По-видимому, у отца просто не было сил сообщить мне эту новость, и он предоставил это мисс Хайдеггер. Когда она положила трубку, ее лицо выражало такое смятение, с каким, наверное, приветствуют саму смерть. Я понял, что произошло что-то ужасное.
— Бедные вы, бедные, — пробормотала она, — бедный мальчик.
Случившееся, хотя я так и не понял, что именно случилось, явно давало повод для скорби. Но несмотря на все мои старания почувствовать себя несчастным, я, напротив, ощущал воодушевление и чуть ли не радовался возможности хорошо себя проявить в непростой ситуации.
— Ты только не пугайся, детка! — сказала старушка влажным голосом с призвуком подлинного ужаса. В горле у нее что-то булькало. Поколебавшись, я повел ее к стулу, и — к моему удивлению — она послушно пошла за мной. Сбегав на кухню, я принес ей стакан воды — ничего более подходящего к случаю я придумать не мог.

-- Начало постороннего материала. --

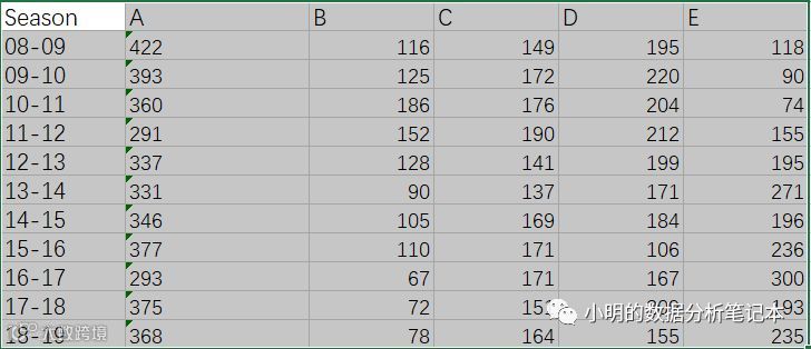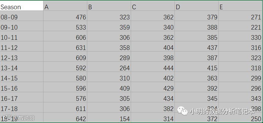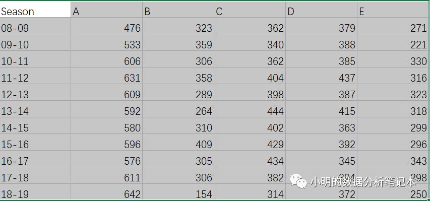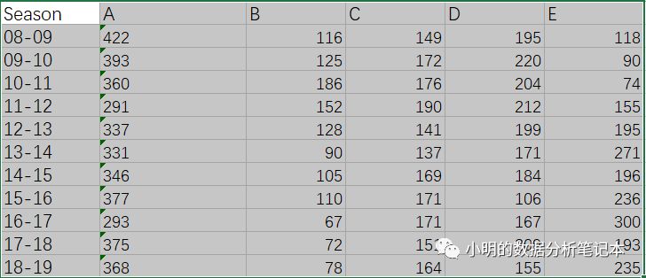 colnames(df1)<-c("Season","0~1","1~3","3~5","5~7","7~")

— Ты только не пугайся, я побуду с тобой, — повторила она, когда я положил на стол подставку для стакана. Она попробовала затянуть меня к себе на колени, но у меня не было ни малейшей охоты там сидеть. Я остался стоять у ее ног. Она погладила меня по волосам, а я дотронулся до ее острого узловатого колена, обтянутого фланелью.